The issue is the wires are all silver/clear so I had to look at the molex connector to guess which one is the red and black. I have already snipped the wires, is there anyway to test with a multimeter, to determine which one is the yellow wire?

----------


## ex-egll

Ummmm, interesting situation! As these fans are brushless it complicates the issue, I have tried a couple of tests using the multimeter and I may have a solution, no guarantee it will work for you and there is always the (very slight) possibility that the fan could be damaged. This will (may) only determine the red and black wires as a pair, but at least the yellow will have been eliminated. Once the red and black have been identified it is a 50-50 chance you will connect them correctly first time, if not just reverse them.

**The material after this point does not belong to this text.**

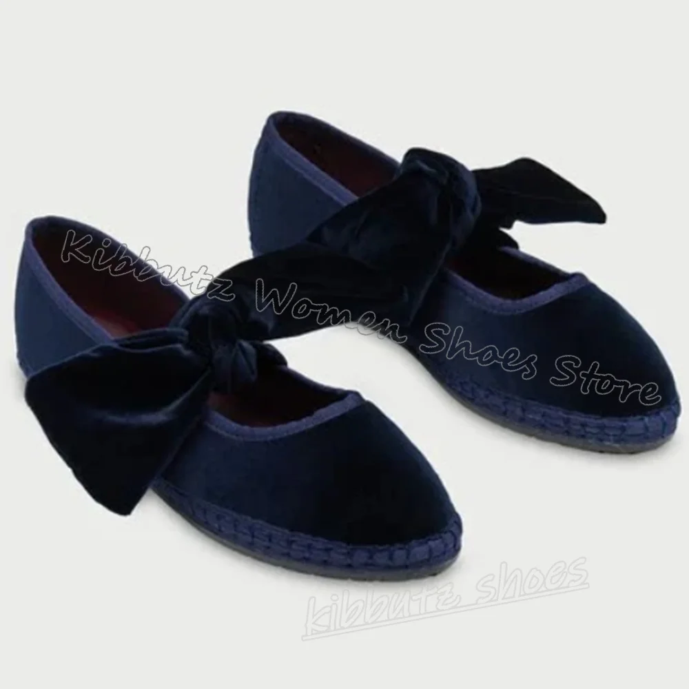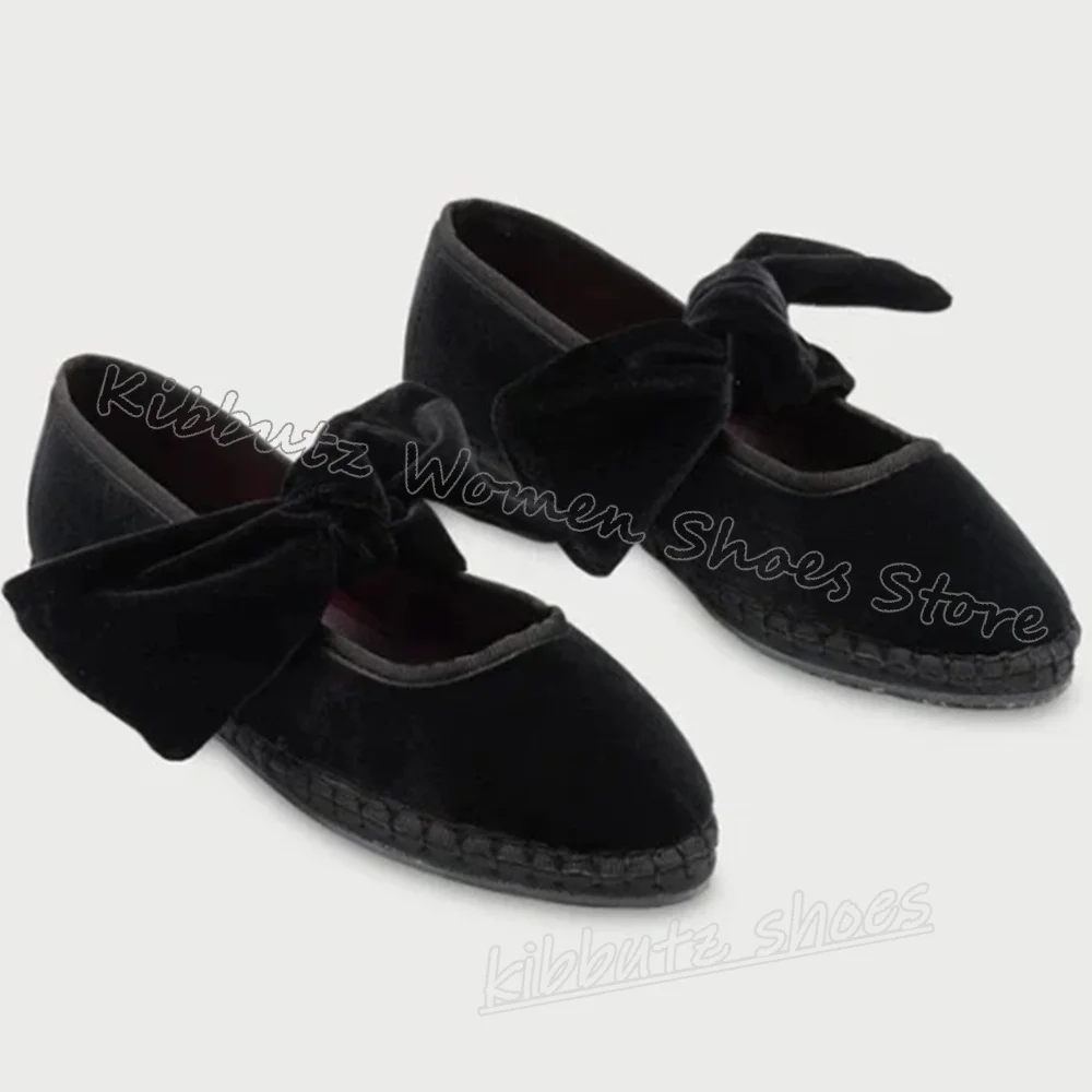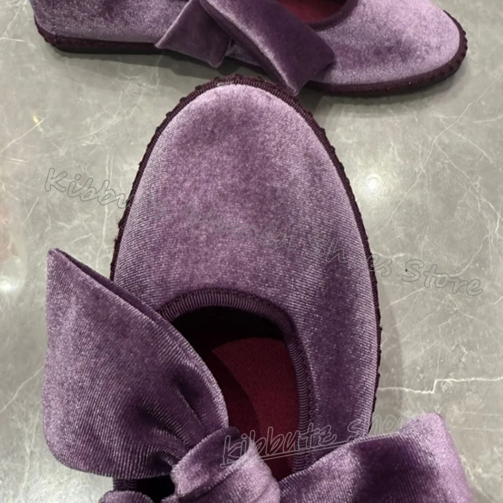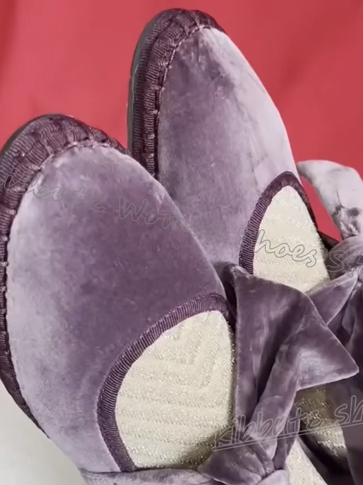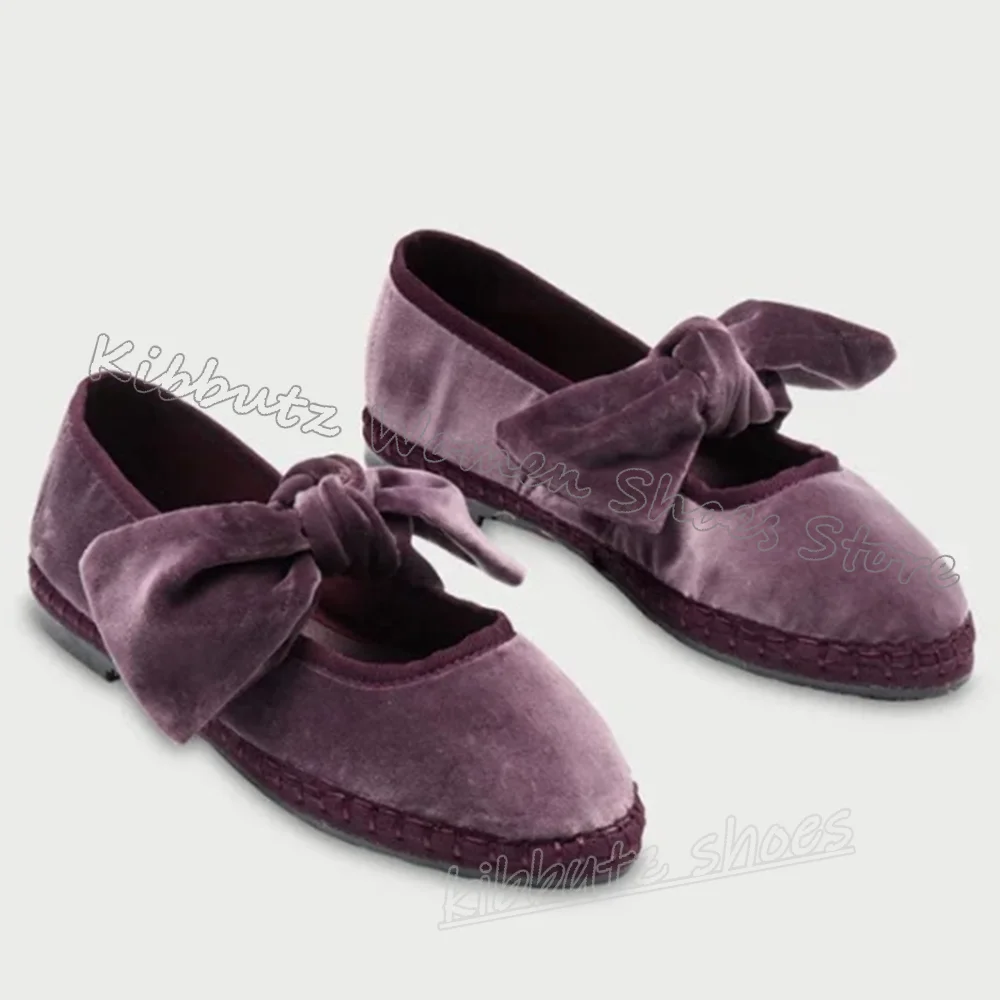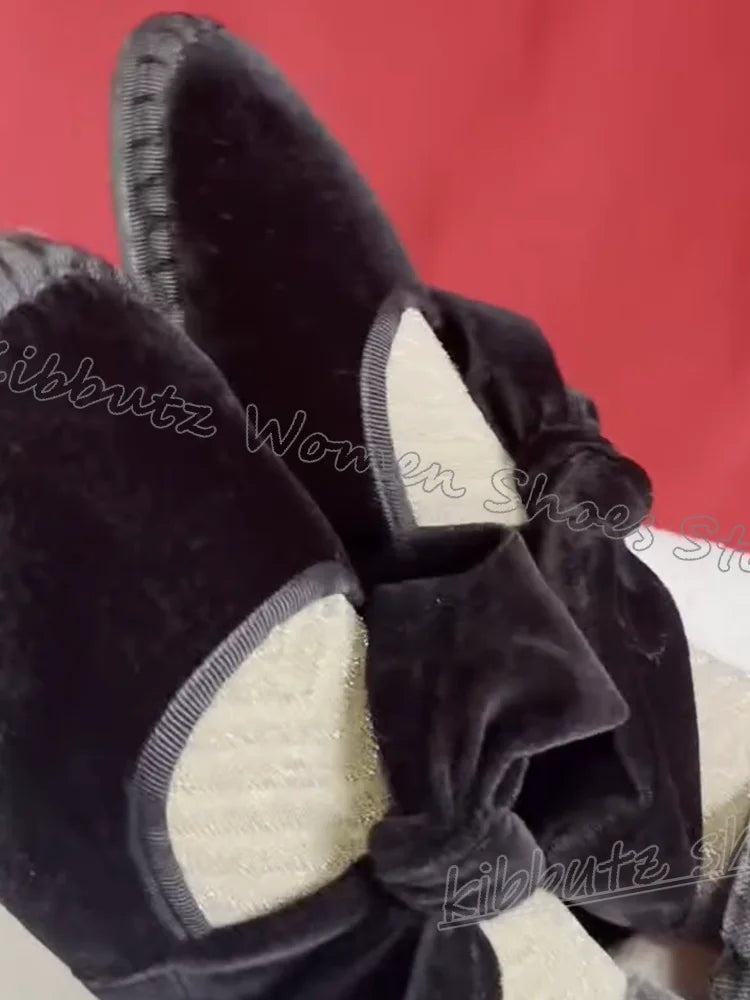 Velvet Bows Pumps Knots Solid Color Slip-On Round Toe Flat with Novelty Fashion Luxury Elegant Comfortable Sexy Women Shoes New

Put the multimeter on the 1 or 2 M resistance range and put the probes on a pair of wires (do not allow fingers to touch bare metal on the probes or wires as this will affect the reading. Eventually you should find a pair that show some resistance, albeit for a short time, these will be the red and black. It is likely that they will only show resistance in one direction so in addition to checking all the pairs, check them all again with the probes reversed if there is no resistance shown. If this fails to identify the pair then go up a level on the meter to 10 or 20M and repeat. It worked here on the 2 fans I have.

----------


## BLKKROW

> Ummmm, interesting situation! As these fans are brushless it complicates the issue, I have tried a couple of tests using the multimeter and I may have a solution, no guarantee it will work for you and there is always the (very slight) possibility that the fan could be damaged. This will (may) only determine the red and black wires as a pair, but at least the yellow will have been eliminated. Once the red and black have been identified it is a 50-50 chance you will connect them correctly first time, if not just reverse them.
> 
> Put the multimeter on the 1 or 2 M resistance range and put the probes on a pair of wires (do not allow fingers to touch bare metal on the probes or wires as this will affect the reading. Eventually you should find a pair that show some resistance, albeit for a short time, these will be the red and black. It is likely that they will only show resistance in one direction so in addition to checking all the pairs, check them all again with the probes reversed if there is no resistance shown. If this fails to identify the pair then go up a level on the meter to 10 or 20M and repeat. It worked here on the 2 fans I have.


Don't worry your advice has not gone on deaf ears. I have been busying studying for school.

I got 20 mins to play with it today and I found which two wires are the black/red using your method. However, I cannot get the fan to work still. So it is either my fan or my Mosfet. I may purchase another fan before messing with the firmware.

Thanks!

----------


## ex-egll

Now you have the 2 wires identified you could always apply a voltage to them and see if the fan turns.

----------


## BLKKROW

Well good new and bad news.

I was out with my friends and stopped by a local electronic shop and picked up a cheap 40mm fan for $1.00. It works perfectly! So I guess the first fan I bought is dead. I may hook it up to my PSU to make sure.

----------